Reschedule policy fields:

Field	Meaning
`attempts`	Number of cross-node reschedules allowed inside the sliding interval.
`interval_ms`	Sliding window for counting attempts.
`delay_ms`	Base delay before the next reschedule.
`delay_function`	`constant`, `exponential`, or `fibonacci`.
`max_delay_ms`	Cap for calculated delay.
`unlimited`	If `true`, attempts do not exhaust.
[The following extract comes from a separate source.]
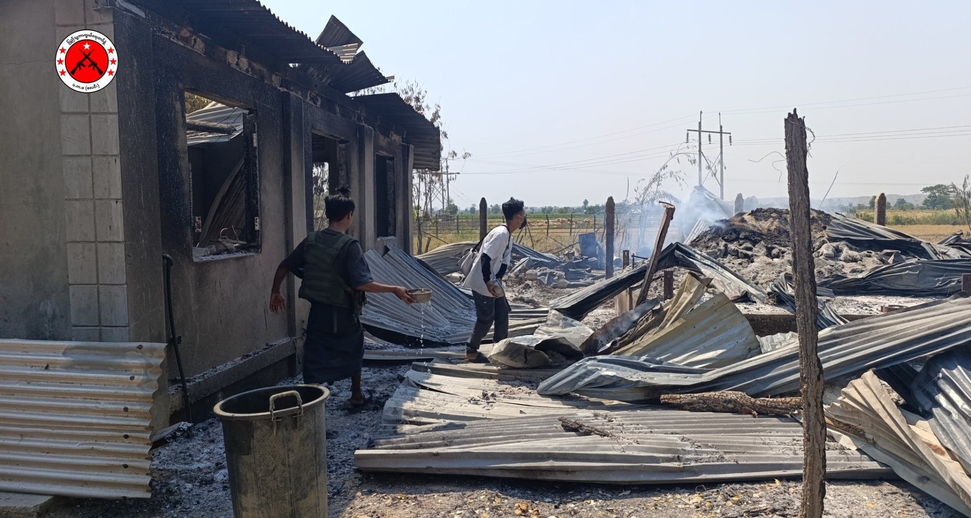 အကြမ်းဖက်စစ်ကောင်စီကြောင့် စလင်းမြို့နယ်အတွင်းက ကျေးရွာများ မီးလောင်ပျက်စီးခဲ့စဥ် (ဓာတ်ပုံ စလင်းမြို့နယ် ပြည်သူ့ကာကွယ်ရေးအဖွဲ့)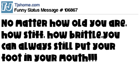 X is No matter how old you are, how stiff, how brittle,you can always still put your foot in your mouth!!!

Legacy policies.max_agent_restart_attempts is still accepted only when policies.restart.attempts is absent.

Defaults

Job and recovery mode	Restart default	Reschedule default
`service` / `system` with `cluster_recover`	3 attempts in 10 minutes, exponential `1s` to `30s`, `mode: fail`	unlimited, exponential `5s` to `5m`
`service` / `system` with `local_restart`	3 attempts in 10 minutes, exponential `1s` to `30s`, `mode: delay`	disabled
`batch` / `sysbatch` with `cluster_recover`	3 attempts in 24 hours, exponential `1s` to `30s`, `mode: fail`	1 attempt in 24 hours, constant `5s`
any job with `manual_recover`	disabled	disabled

Example:

{
  "policies": {
    "recovery_mode": "cluster_recover",
    "job_type": "service",
    "restart": {
      "attempts": 2,
      "interval_ms": 60000,
      "delay_ms": 1000,
      "delay_function": "exponential",
      "max_delay_ms": 5000,
      "mode": "fail"
    },
    "reschedule": {
      "attempts": 0,
      "interval_ms": 60000,
      "delay_ms": 2000,
      "delay_function": "exponential",
      "max_delay_ms": 30000,
      "unlimited": true
    }
  }
}

Policy State

The runtime persists normalized policies and per-agent state on the job.

mn job status <job-id> includes fields such as:

restart_policy
reschedule_policy
policy_state
recovery_status
recovery_requires_review
recovery

Per-agent policy_state records:

restart and reschedule histories
active attempt counts
last failure reason
next action
next eligible timestamp
exhausted policy reason

Restart attempts are counted when recovery starts, not only when it succeeds. This prevents a bad startup loop from retrying forever without consuming attempts.

Local Restart Flow

When an agent is missing, unhealthy, or exits unexpectedly:

The job coordinator checks the agent's restart policy.
If an attempt is allowed, it records the attempt and schedules a delayed restart.
The affected agent worker is terminated if still present.
The durable snapshot is loaded.
The agent restarts with restored local state, pending messages, and inflight replay data.
On success, pending restart timers are cleared.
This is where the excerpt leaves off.